A friend of mine who’s a musician has a theory that bands should be putting out shorter albums these days.

Right.

I don’t know if it’s because of short attention spans or what. You’ve mentioned liking [fellow SubPop artists] Rolling Blackouts Coastal Fever, and their stuff’s pretty short, like slightly extended Eps.

Well, French Press is an EP, but they have long songs.

But Talk Tight is maybe a half hour long.

Well, like I was saying earlier, In Spades is 36, but it’s ten songs. I saw some people bitch about that, and I was like, well, look at most of Marvin Gaye’s records, look at the last Lynyrd Skynyrd record. Purple Rain has eight songs on it. I had five more songs [for In Spades], and I even liked three of them. But, just putting them on there just because I had them… They didn’t fit the vibe. I’m trying to create a vibe. So I’ve edited it for you. And if I feel like you need to hear the next three, you will hear them, but in a different state.

Speaking of videos, how did you get Har Mar Superstar involved in the video for “Demon in Profile”?

Well, first of all, he’s a good friend of mine. Super-talented guy. I knew that since Phil [Harder] was directing it, and he lives in Minneapolis, it was a way I could be off to the side and not have to be in it. [laughs]

I feel like the video’s playing off your image and persona as this ladies man and suave performer — taking that and turning it around.

Oh sure. Absolutely, there was some winking going on. [Laughs]

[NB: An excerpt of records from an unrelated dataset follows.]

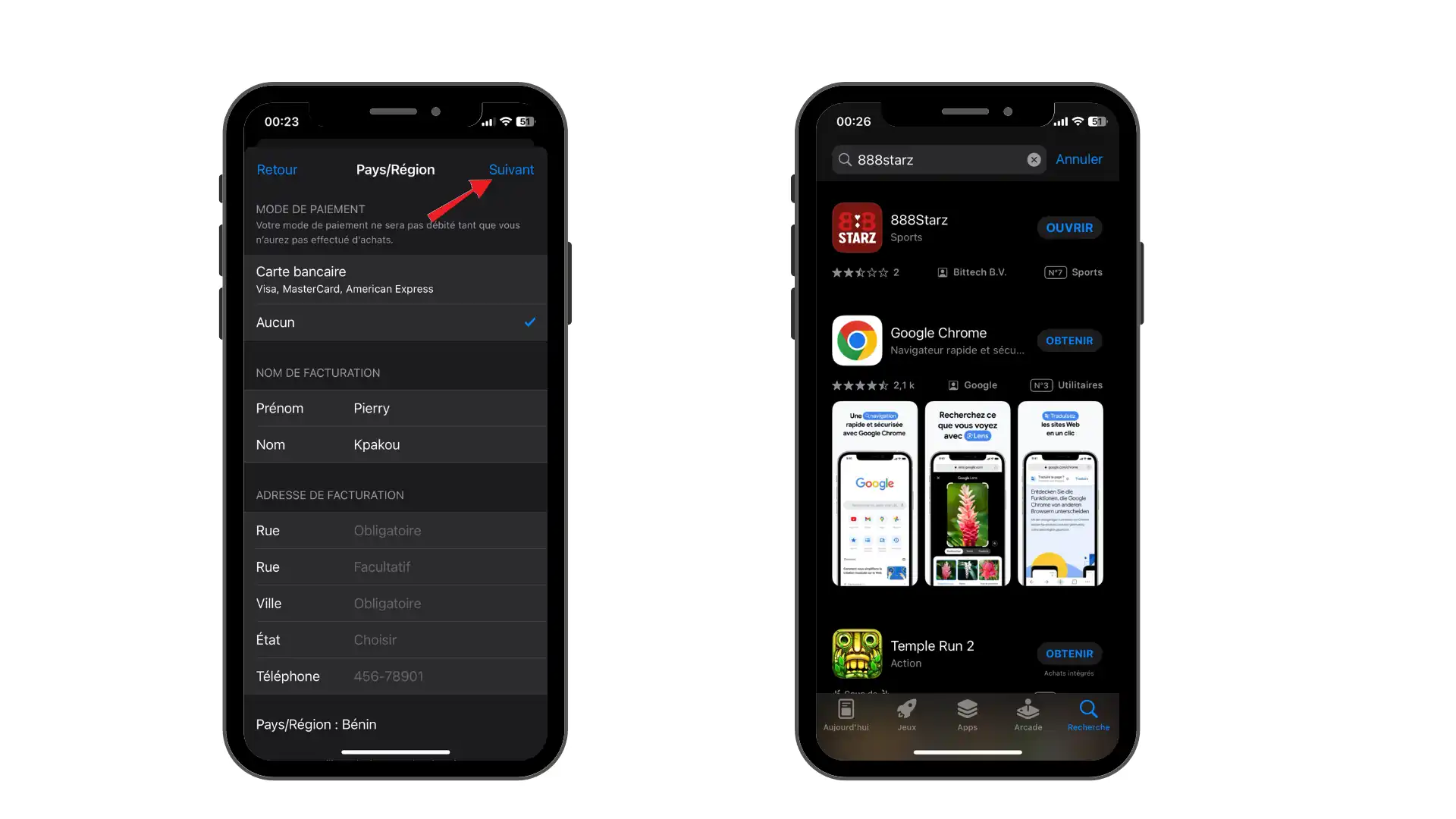 Ensuite, vous devez cliquer sur “Aucun” au niveau de la partie “Cartes bancaires”. Renseignez votre nom et prénom, votre rue, votre état et votre numéro de téléphone avant de cliquer sur ‘terminer”. Allez dans la barre de recherche de votre App store et saisissez “888Starz”. Vous verrez l’icône s’afficher. Cliquez sur “Obtenir”.
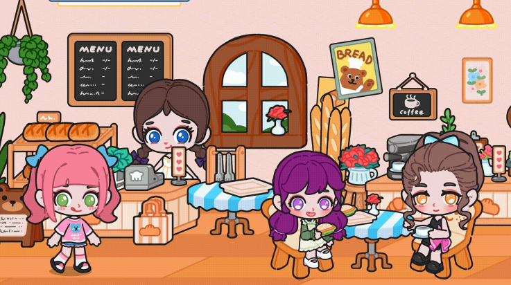 4、进入面包店,体验轻松休闲的生活氛围,与角色互动享受美食。
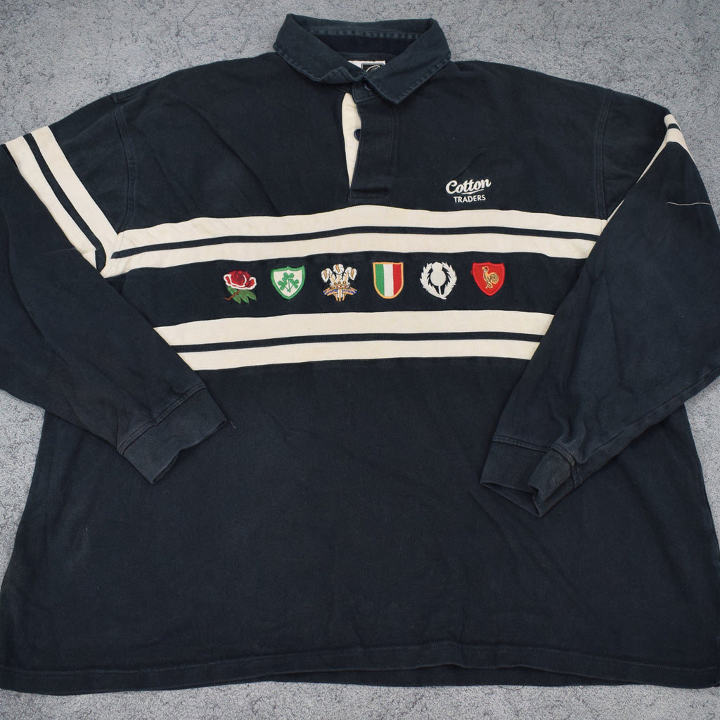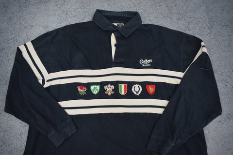 Description: A cool jersey made with the classic heavy cotton showing the crests of each team in the comp. Nice design, simple. You can't lose if you're wearing this one - celebrating rugby culture!
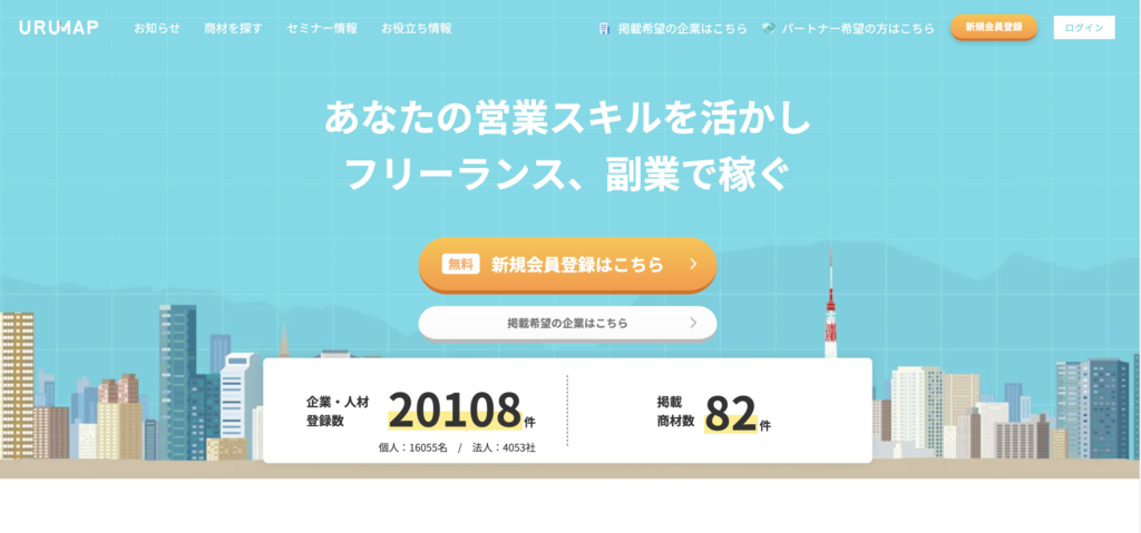 ウルマップは、営業人材と企業をつなぐマッチングサービスで、営業代行案件にも対応しています。
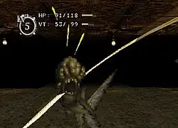 The game's characters were designed by Hyōju Mū.[44] The character models and CGI sections were created by American CGI production studio Inertia Pictures, while the game's CGI design was led by Eisaku Kitō.[34][45] Inertia Pictures was brought on by Yonemitsu to give the game a unique aesthetic, with Inertia Pictures quickly understanding his vision and agreeing to collaborate. Communicating with Inertia Pictures caused some issues due to the time zone and language differences.[34] Kitō began his work on the project in mid-1995. Due to the tower interior's aesthetic, Kitō created a recurring "uterus" aesthetic when designing the enemies, treating them as microorganisms infecting a womb.[45] Kitō's main design inspiration was the work of Philip Dexsay on the 1992 Winter Olympics opening ceremony. The use of angels and presence of the Absolute God were not intended to directly reference any religion, but came about due to Yonemitsu's interest in their imagery and roles. The enemy character designs were themed after tarot cards.[34]

Have you ever felt like people have been too focused on that persona and that aspect of your performance and missed other parts of what you’re trying to say or do?

What people think and say about you, you can’t control. You’d be very powerful if you had that power.

That reminds me to ask how you’re coping in a time of Trump. He seems obsessed with controlling his image and what people say about him.

[Laughs] That’s not really working out too well for him.

He seems like proof of how that obsession can go completely wrong.

Yeah, man. When he talks, it’s like the teacher on Charlie Brown now. My eyes glaze over, you know? But hey, you get what you deserve.

Do you ever feel compelled to be more explicitly political in your music?

No. I am in my own way. I say things all the time. There’s plenty of opinion on his page. I’m not Woody Guthrie, know what I mean?

How was playing at the Apollo? I know you were looking forward to that.

Beautiful room, beautiful part of town, wonderful staff, so welcoming and friendly. One of the best experiences I’ve ever had in my life. Great show, great crowd, great room. I’ll never forget it. I hope I get to do it again someday.

Could you feel the history in the place?

Yeah, but you know what, I can at the Fillmore. I could when we played Madison Square Garden 20-something years ago, you know? Wherever you go, there’s someone that’s been there before you. You can feel it. Like the first time I played First Avenue, I knew where I was standing. Every time I’ve gone back, same feeling. It was mythologized to me as a teenager and I’ve carried that with me to this very day. We’re playing there again this September and I can’t wait.

I’m planning to catch the show in Cincinnati.

It’s a really good band, man. We’re playing great shows. Even on an off night, we’re better than most. And if we’re on, no one’s better.